C/ebpα is the founding member of C/EBP family of basic leucine zipper (bZIP) transcription factors7. It exerts important biological functions in a range of cell types8. Targeted disruption of the C/EBPα gene in mice leads to abundant generation of pseudoglandular structures in the liver parenchyma during perinatal liver development9,10. The knockout mice die shortly after birth because of hypoglycemia accompanied by hyperammonemia9,10,11. Although C/EBPα is implicated in transcriptional regulation of genes for enzymes of gluconeogenesis and urea synthesis in the liver, the precise stages that are affected by C/EBPα deficiency during liver development have not been fully elucidated.
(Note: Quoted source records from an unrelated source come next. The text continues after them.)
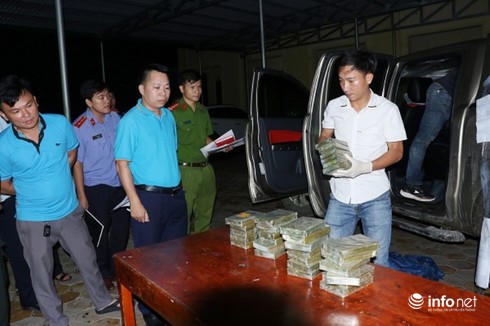 Khám xét trên xe ô tô BKS 29C-341.81, lực lượng chức năng thu giữ 30 bánh heroin, 6000 viên ma túy tổng hợp được đối tượng cất dấu ở ghế ngồi phía sau xe. Bước đầu đối tượng khai nhận số ma túy trên được một đối tượng thuê vận chuyển từ Trung tâm Hương Sơn đi TP Vinh (Nghệ An) với giá 5000USD.
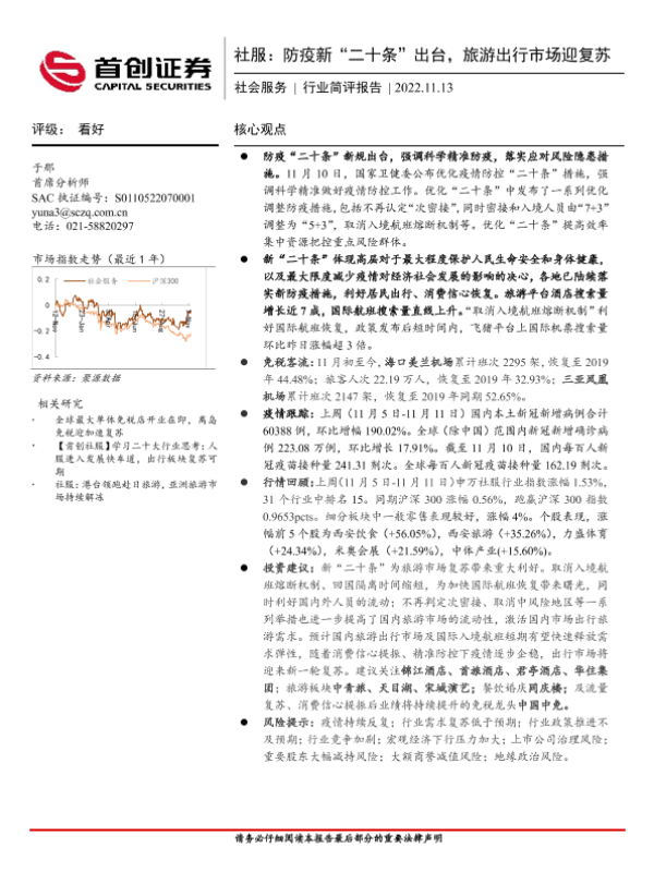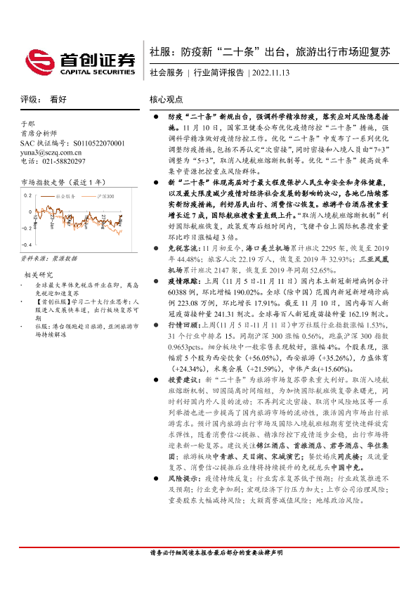【首创证券】【20221113】社服:防疫新“二十条”出台,旅游出行市场迎复苏-12页
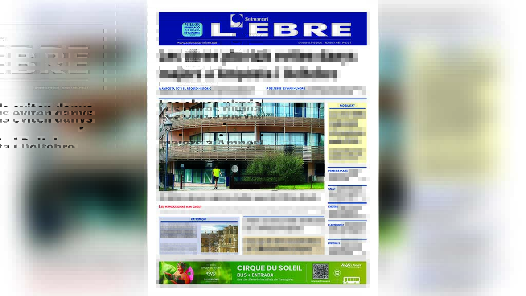 La imatge principal de la portada és per a un hotel del Baix Ebre i il·lustra la davallada en el nombre de pernoctacions al territori durant el passat mes d’agost, en què es va registrar el pitjor balanç dels últims 10 anys.
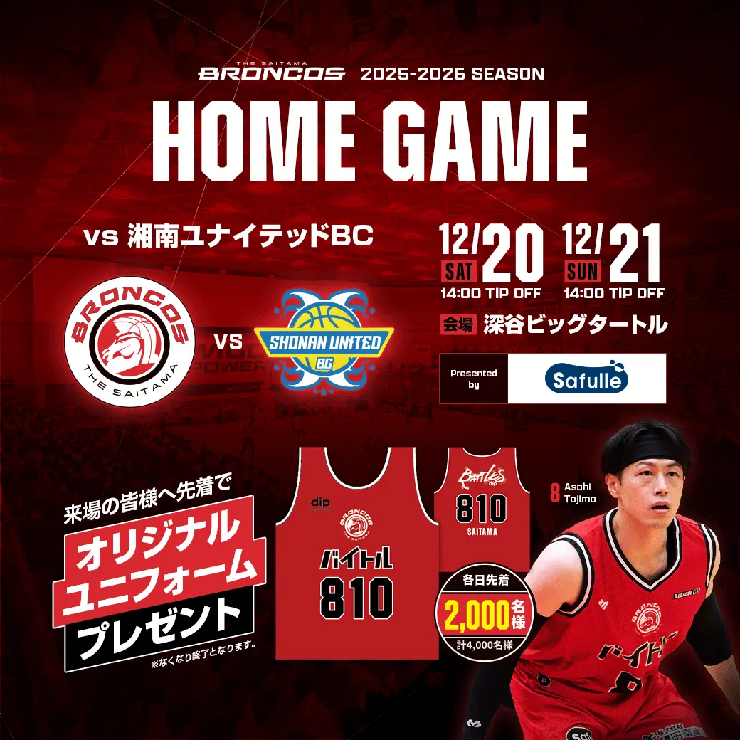 12/20(土) さいたまブロンコスvs湘南ユナイテッドBC 2025-26SEASON プロバスケットボールB3リーグ公式戦
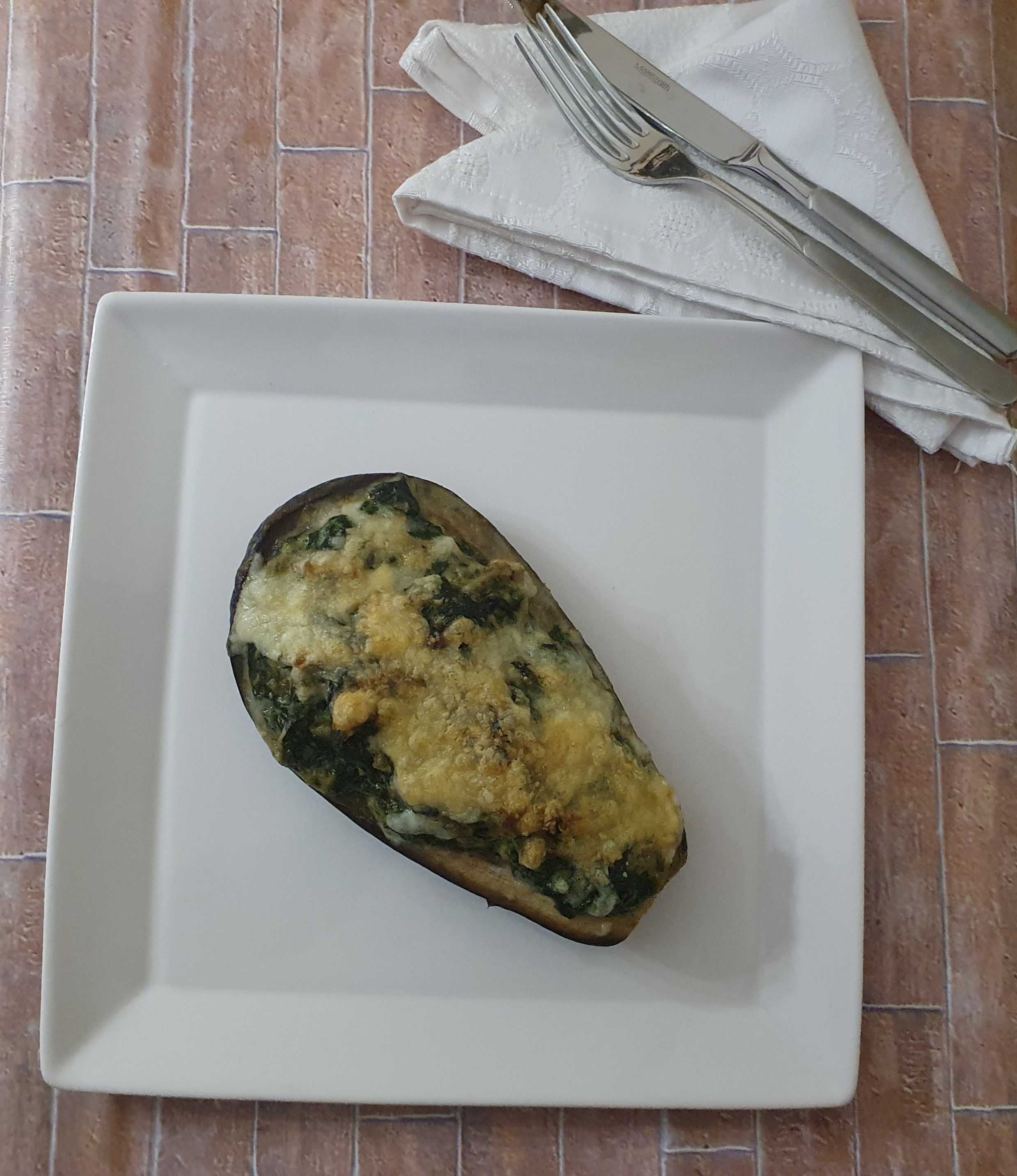 Coloque las berenjenas con la piel hacia abajo en una fuente refractaria, rellénelas con las espinacas y espolvoree con el queso rallado.

In the present study, we show that disruption of the cebpa gene using TALENs results in a small liver phenotype in zebrafish. Lack of cebpa blocks hepatic outgrowth, but does not affect liver specification. C/ebpα regulates hepatic cell proliferation and apoptosis during liver outgrowth. Furthermore, loss of p53 can largely rescue the hepatic defect in cebpa mutant embryos, suggesting a novel link between C/ebpα and the p53 pathway in the regulation of liver development.

Results

Disruption of zebrafish cebpa gene by TALENs

We have previously generated a cebpa mutant (cebparj31/+) using TALENs technology12. In this mutant, two nucleotides were deleted at the cebpa locus (cebpa ∆CA) (Fig. 1A), which led to frame shift at amino acid residue 209. This mutation created a premature stop codon, resulting in the synthesis of a truncated C/ebpα lacking the bZIP domain at the C-terminus (Fig. 1B). Luciferase assay showed that the mutant C/ebpα completely lost its transcriptional activity compared with the wild type (Fig. 1C), confirming inactivation of the mutant C/ebpα. The cebpa mutant zebrafish generally died around 2 to 3 weeks post fertilization.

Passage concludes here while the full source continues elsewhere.